Solíamos bajar a su piso para agradecerle los regalos y nos quedábamos un rato charlando con ella y con sus hijos. Cierro los ojos y tengo vagos recuerdos de su casa. Recuerdo un scalextric montado que ocupaba toda una habitación. Recuerdo el gato persa en el sofá, una lámpara blanca que cuando se encendía iba cambiando de colores, siempre en tonos pastel. Y poca cosa más. La señora Pepita nos tenía mucho cariño.

Ayer me contó mi madre que se va a ir a vivir a una residencia. Lo ha decidido voluntariamente y está muy entusiasmada, pues la residencia está cerca de donde viven sus hijos (y sus nietos), fuera de la gran ciudad. Su habitación tiene una pequeña terraza en la que ya piensa colocar todas sus plantas. Y se va a llevar el ordenador, me cuentan que a sus casi ochenta años tiene la cabeza muy clara y suele conectarse a Internet.

Espero que le vaya todo muy bien en esta nueva etapa. El día que me decida a entrar en Facebook igual la busco y me llevo la sorpresa del siglo con ella ... la señora Pepita.

miércoles, 13 de octubre de 2010

Las cartas de Meri

A los dieciséis años escribí una carta de dos páginas titulada "Una muerte injusta". Todavía la guardo. En ella vomité toda la tristeza y la inquietud que me produjo la muerte de uno de los mejores amigos de mi padre, el Pep de Premià. Aún recuerdo sus ojos saltones y su peculiar sentido del humor. Mi instrumento musical preferido es el saxo, creo que en parte motivado por la cinta de cassete que nos regaló una vez y que mi padre solía poner cuando íbamos en coche, con canciones en las que sonaba un saxo.

En la universidad escribí una carta a una de mis amigas, Zorione. Murió su padre y sentí la necesidad de darle mi apoyo. Y lo hice así, con mis sentimientos plasmados por escrito.

Cuando acabó la Universidad, el hombre que hoy es mi pareja se fue cuatro meses a Manchester a estudiar inglés. Me escribí cartas con él que guardo en la mesilla de noche como un tesoro. Así, si un día se incendia mi casa, sólo tengo que meter la mano en el cajón, agarrarlas rápidamente y salir corriendo. Alguna vez las he releído y, a parte de pensar "cuánto amor había ahí", también me sirven para darme cuenta de cómo ha cambiado mi manera de pensar en ciertos aspectos de la vida a lo largo del tiempo.

Nació mi primer hijo y no pude frenar el impulso de escribirle una carta a mi matrona. Fue un momento vital de mucha intensidad. Cosas que siempre había imaginado que me emocionarían, no lo hicieron. Y cosas que nunca me hubiera pensado, fueron capaces de emocionarme muchísimo.

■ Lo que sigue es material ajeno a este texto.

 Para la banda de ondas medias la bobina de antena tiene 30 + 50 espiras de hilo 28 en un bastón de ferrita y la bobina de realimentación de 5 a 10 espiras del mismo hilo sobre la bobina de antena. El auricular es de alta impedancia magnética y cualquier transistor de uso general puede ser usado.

Compartes un tiempo de tu vida con una persona, la que ayuda a traer a tu hijo al mundo, que es muy breve pero emocionalmente tan intenso que acaba convirtiéndose en alguien muy presente en tus recuerdos y en tu corazón.

Me operaron de miopía al cabo de unos años y escribí una carta de agradecimiento al equipo médico que me llevó. El impulso fue fruto de la euforia que se destapó en mi por el simple hecho de ver. Aún recuerdo cómo empezaba: "Me paso el día alucinando. Vivo cada minuto con una euforia contenida que trato de no compartir en exceso con los demás, para no parecer idiota. Veo, veo, veo. Cierro los ojos, los vuelvo a abrir y veo. Como si fuera lo normal. Tal vez es lo normal pero no para mí ...".

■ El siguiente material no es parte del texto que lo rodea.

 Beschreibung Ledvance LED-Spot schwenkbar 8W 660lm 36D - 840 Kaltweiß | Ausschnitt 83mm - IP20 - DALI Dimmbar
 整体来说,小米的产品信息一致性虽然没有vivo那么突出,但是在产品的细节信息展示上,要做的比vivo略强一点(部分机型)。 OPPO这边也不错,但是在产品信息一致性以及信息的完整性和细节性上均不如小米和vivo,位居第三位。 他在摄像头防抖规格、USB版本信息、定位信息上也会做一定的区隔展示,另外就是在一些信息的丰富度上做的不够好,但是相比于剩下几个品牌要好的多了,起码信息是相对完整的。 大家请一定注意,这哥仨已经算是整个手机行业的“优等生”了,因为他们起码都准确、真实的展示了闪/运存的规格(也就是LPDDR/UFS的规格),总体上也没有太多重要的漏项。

Escribí otra carta a la que fue profesora de guardería de mis dos hijos durante cuatro años. Por sus manos pasa la educación de tantos niños en una etapa tan decisiva de sus vidas y sentí la necesidad de agradecerle su dedicación y constatarle lo mucho que lo valoramos como padres.

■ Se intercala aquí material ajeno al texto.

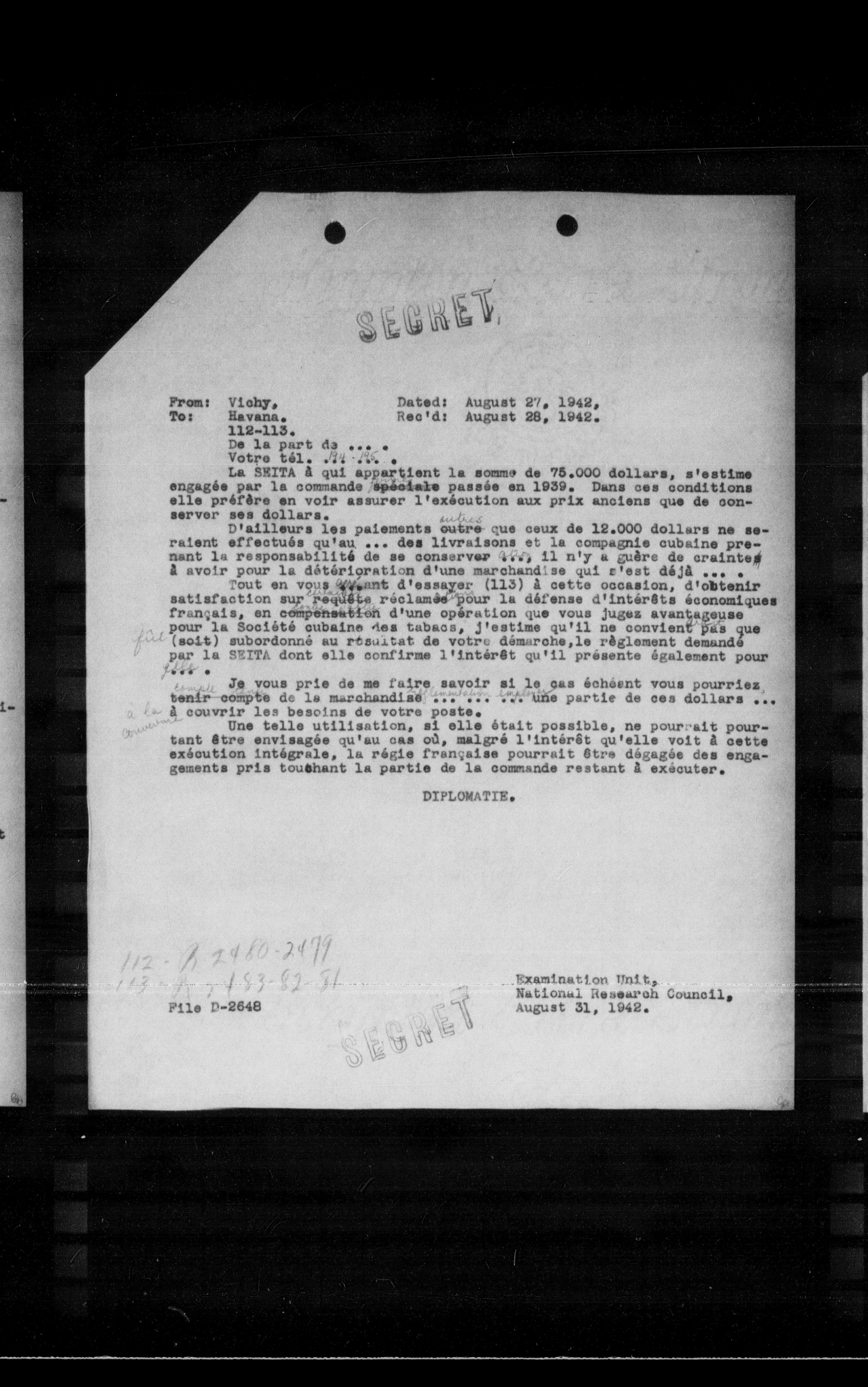 **From:** Vichy, **To:** Havana, **Date:** August 27, 1942, **Rec'd:** August 28, 1942, **Date:** 112-113

Y así he ido esparciendo mis cartas por el mundo, a uno y a otro. Realmente me gusta escribir pero también es una necesidad que nace de mi interior. Un impulso que muchas veces no puedo frenar. "Escribe un libro ..." me han sugerido en ocasiones. Pero es que hay tanta gente a la que le gusta escribir y tanta gente que escribe tan bien ... Tal vez un día me decida y lo haga por mi. No para convertirme en una escritora famosa sino para dar rienda suelta a esa cabecita que siempre está ahí pidiéndome más.